The report also recommended that the Financial Conduct Authority clarify how existing consumer protection rules apply when AI is used in areas such as credit assessments, insurance pricing and customer interactions. Guidance should also outline the level of understanding senior managers are expected to have over the AI systems operating under their responsibility, with publication suggested by the end of 2026.
AI adoption raises consumer and stability concerns
Evidence presented to the committee highlighted the fast uptake of AI across British financial services, with around three-quarters of firms now using the technology in core operations, including claims handling and lending decisions. Regulators acknowledged that more advanced forms of AI, particularly systems capable of acting autonomously, introduce additional risks for retail customers.
The committee report pointed to concerns around opaque decision-making, potential discrimination against vulnerable consumers, increased fraud risks, and the spread of unregulated financial guidance through AI-powered tools. Witnesses also raised wider financial stability issues, noting that widespread reliance on a small number of US-based cloud and AI providers could create concentration risks.
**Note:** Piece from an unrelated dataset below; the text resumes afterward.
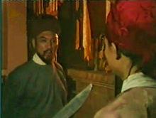 電視劇《三俠五義》花蝴蝶誰知看守蔣爺的二人吃飯回來,見空房子門已開了,道士也不見了。一時驚慌無措,忙跑到廳上,報與花蝶鄧車。他二人聽了就知不好,也無暇細問。花蝶提了利刃,鄧車摘下鐵把弓,挎上鐵彈子袋,手內拿了三個子彈。剛出廳房,早見北俠持刀已到。鄧車扣上彈子把手一揚,峻的就是一彈。北俠知他彈子有工夫,早已防備。見他把手一揚,卻把寶刀扁著一迎,只聽當的一聲彈子落地。鄧車見打不著來人,一連就是三彈,只聽“當”“當”“當”響了三聲,俱各打落在地。鄧車暗暗吃驚,說:“這人技藝超群。”便順手在袋內掏出數枚,連珠發出,只聽“丁當”“丁當”猶如打鐵一般。 旁邊花蝶看的明白,見對面只一個人並不介意。他卻腳下使勁,一個健步,以為幫虎吃食,可以成功。不想忽然腦後生風,覺著有人。一回頭,見明晃晃的鋼刀劈將下來,說聲“不好!”將身一閃,翻手往上一迎。那裡知道韓爺勢猛刀沉,他是翻腕迎的不得力,刀對刀只聽咯噹一聲,他的刀早已飛起數步,噹啷啷落在塵埃。花蝶那裡還有魂咧,一伏身奔了角門,往後花園去了,慌不擇路,無處藏身,他便到葡萄架根下將身一蹲,以為他算是葡萄老根兒。他如何想的到架上頭還有個人呢。 蔣爺在架上,四肢剛然活動,猛聽腳步聲響。定睛細看,見一人奔到此處不動,隱隱頭上有黑影兒亂晃,正是花蝶。蔣爺暗道:“我的鋼刺被他們拿去,手無寸鐵。難道眼瞅著小子藏在此處,就罷了不成?——有了,我何不砸他一下子,也出一出拷打的惡氣。”想罷,輕拳兩腿,緊抱雙肩,往下一翻身,噗哧的一聲,正砸在花蝶的身上,把花蝶砸的往前一撲,險些兒嘴按地。幸虧兩手扶住,只覺兩耳嚶的一聲,雙睛金星亂迸,說聲:“不好!此處有了埋伏了。”一挺身,踉里踉蹌,奔那邊牆根去了。 此時韓彰趕到,蔣爺爬起來道:“二哥,那廝往北跑了。”韓彰嚷道:“好賊!往那裡走?”緊緊趕來,看看追上。花蝶將身一縱,上了牆頭。韓爺將刀一搠,花蝶業已躍下,“咕嘟”“咕嘟”往東飛跑。跑過牆角,忽見有人嚷道:“那裡走?龍濤在此!”嗖的就是一棍。好花蝶!身體靈便,轉身復往西跑。誰知早有韓爺攔住。南面是牆,北面是護莊河。花蝶往來賓士許久,心神已亂,眼光迷離,只得奔板橋而來。剛剛到了橋的中間,卻被一人劈胸抱住,道:“小子,你不洗澡嗎?”二人便滾下橋去。花蝶不識水性,那裡還能掙扎。原來抱花蝶的就是蔣平。他同韓彰躍出牆來,便在此橋埋伏。到了水中,雖然不深,他卻掐住花蝶的脖項,往水中一浸,連浸了幾口水,花蝶已然人事不知了。 此時韓爺與龍濤馮七俱各趕上。蔣爺托起花蝶,龍濤提上木橋,與馮七將他綁好。蔣爺竄將上來,道:“好冷!”韓爺道:“你等繞到前面,我接應歐陽兄去。”說罷,一躍身跳入牆內。 且說北俠刀磕鐵彈,鄧車心慌,已將三十二子打完,敵人不退,正在著急。韓爺趕到,嚷道:“花蝶已然被擒。諒你有多大本領。俺來也!”鄧車聞聽,不敢抵敵,將身一縱,從房上逃走去了。北俠也不追趕,見了韓彰,言花蝶已擒,現在莊外。說話間,龍濤背著花蝶,蔣爺與馮七在後,來到廳前,放下花蝶。蔣爺道:“好冷,好冷!”韓爺道:“我有道理。”持著刀往後面去了。不多時,提了一包衣服來,道:“原來姓鄧的並無家小,家人們也藏躲了。四弟來換衣服。”蔣平更換衣服之時,誰知馮七聽韓爺說後面無人,便去到廚房將柴炭抱了許多,頓時點著烘起來。蔣平換了衣服出來,道:“趁著這廝昏迷之際,且鬆了綁。那裡還有衣服,也與他換了。天氣寒冷,若把他噤死了,反為不美。”龍濤馮七聽說有理,急忙與花蝶換妥,仍然綁縛,一壁控他的水,一壁向著火,小子鬧了個“水火既濟”。 韓爺又見廳上擺著盛筵,大家也都餓了,彼此就座,快吃痛飲。蔣爺一眼瞧見鋼刺,急忙佩在身邊。只聽花蝶呻吟道:“淹死我也!”馮七出來,將他攙進屋內。花蝶在燈光之下一看:見上面一人碧睛紫髯;左首一人金黃麵皮;右首一人形容枯瘦,正是那個道士;下面還有個黑臉大漢,就是鐵嶺觀被擒之人。看了半日,不解是何緣故。只見蔣爺斟了一杯熱酒,來到花蝶面前,道:“姓花的事已如此,不必遲疑。你且喝杯熱酒暖暖寒。”花蝶問道:“你到底是誰?為何與俺作對?”蔣爺道:“你作的事,你還不知道么?拈污婦女,造孽多端,人人切齒,個個含冤。
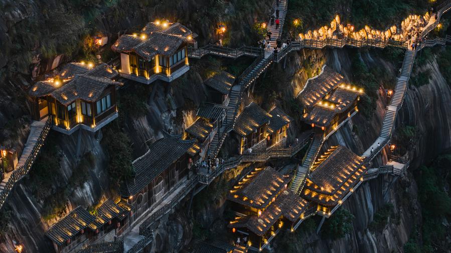 NANCHANG, May 27 (Xinhua) -- Imagine standing on a balcony at night, the ground disappearing into a dark abyss below while a pattern of glittering stars stretches endlessly across the sky canvas above. This breathtaking scene is a reality at a cliffside hotel in east China.

In trading, automated systems were said to have the potential to reinforce herd behaviour during periods of market stress.
Representatives from the Treasury Committee indicated that, based on the evidence reviewed, the financial system may not yet be adequately prepared for a significant AI-related incident, which could have wide-reaching consequences for consumers.
In response, officials from the Financial Conduct Authority said the regulator would examine the findings, reiterating its existing view that rigid AI-specific rules may struggle to keep pace with technological change. Bank of England officials stated that work is already underway to assess AI-related risks and that the central bank would respond formally to the recommendations.